When I awoke this morning I remembered that it was on this date last year that my late husband and I said our last "rabbit" together when I refreshed his bedside ice water. By the first of June he was too weak and too disoriented to say "rabbit" for luck. And, of course, Ken's long run of luck had nearly run out.
As a young girl I'd read an English storybook where the heroine upon awakening said "rabbit" for good luck on the first day of each month. I later learned that this tradition was widespread throughout the British empire. I found women in both Belize and Seychelles who practiced it. I passed the habit along to both of my husbands and my son.

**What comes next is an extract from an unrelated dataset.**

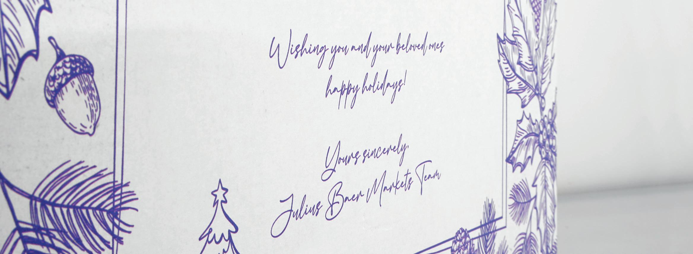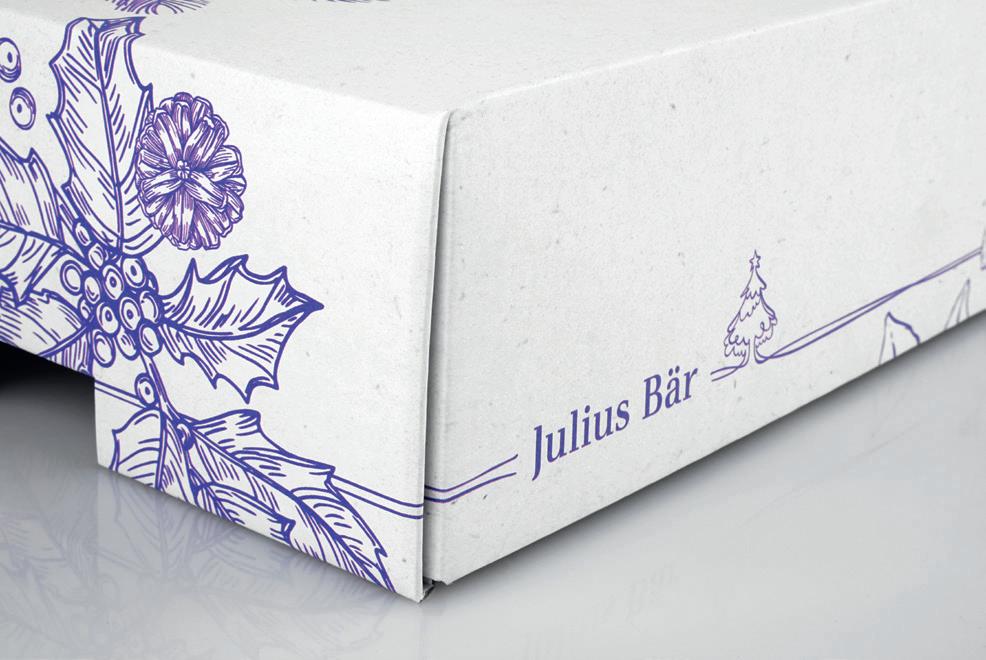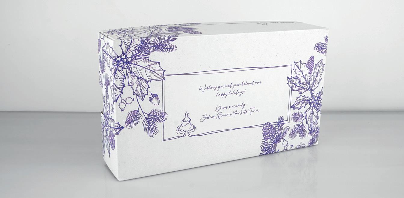 Für Julius Bär durften wir eine massgeschneiderte Geschenkbox mit festlichem Weihnachtssujet realisieren. Der Deckel wurde farblich dem Corporate Design der Bank angepasst, inklusive Logo und Text. Die Box vereint exklusive Genussprodukte mit einer eleganten Präsentation und schafft damit ein stilvolles Geschenk, das Wertschätzung ausdrückt und zur Markenidentität passt.

In 1967 I wrote a couple of paragraphs about my "Rabbit Habit" and the brief piece was published in Woman's Day in the old Neighbors column. It was my first sale to a national publication, one carried in thousands of supermarkets. My first husband secretly photocopied and framed my $25 acceptance check and wrapped it as a Christmas gift. That memento is in a file cabinet in my son's garage in Orange, CA, and the next time I visit I plan to dig it out.
After my anecdote was published, the Neighbors editor sent me a sheath of letters she had received in response. In those pre-email days, several folks invested stamps to recount the English origins of the story, or to share their delight in reading my contribution in the pages of their favorite publication. Others sent in bombasts seething with the style and substance of Jonathan Edwards' Sinners in the Hands of an Angry God:
"Don't believe in luck...everything is predestined by your Maker!"
"Knocking on wood and saying "rabbit" are invoking Satan!"
"Read the Bible, not English storybooks!"
Oh, well. The Lord indeed is my shepherd, but I do believe in luck, in English traditions, and on good days, in fairy tales. I always clap for Tinker Bell. Don't you?
I concur with Thomas Jefferson, my favorite founding father:
“I'm a great believer in luck, and I find the harder I work, the more I have of it.”
So today, the first of May, I said "rabbit" and asked for luck and opportunity to write about :
1. Ken's love of secret codes and cowboys.
2. A grandmotherly cat.
3. Forgiveness in absentia.
Then I opened my e-mail and found that three more of my stories either have been accepted or are being considered for inclusion in the new Dream of Things anthologies, and...a fan letter from a lady in South Africa who loved "Withstanding Winter's Woes," in Chicken Soup for the Soul's What I Learned from the Cat.
Now that's gotta be a lucky start to the merry month of May!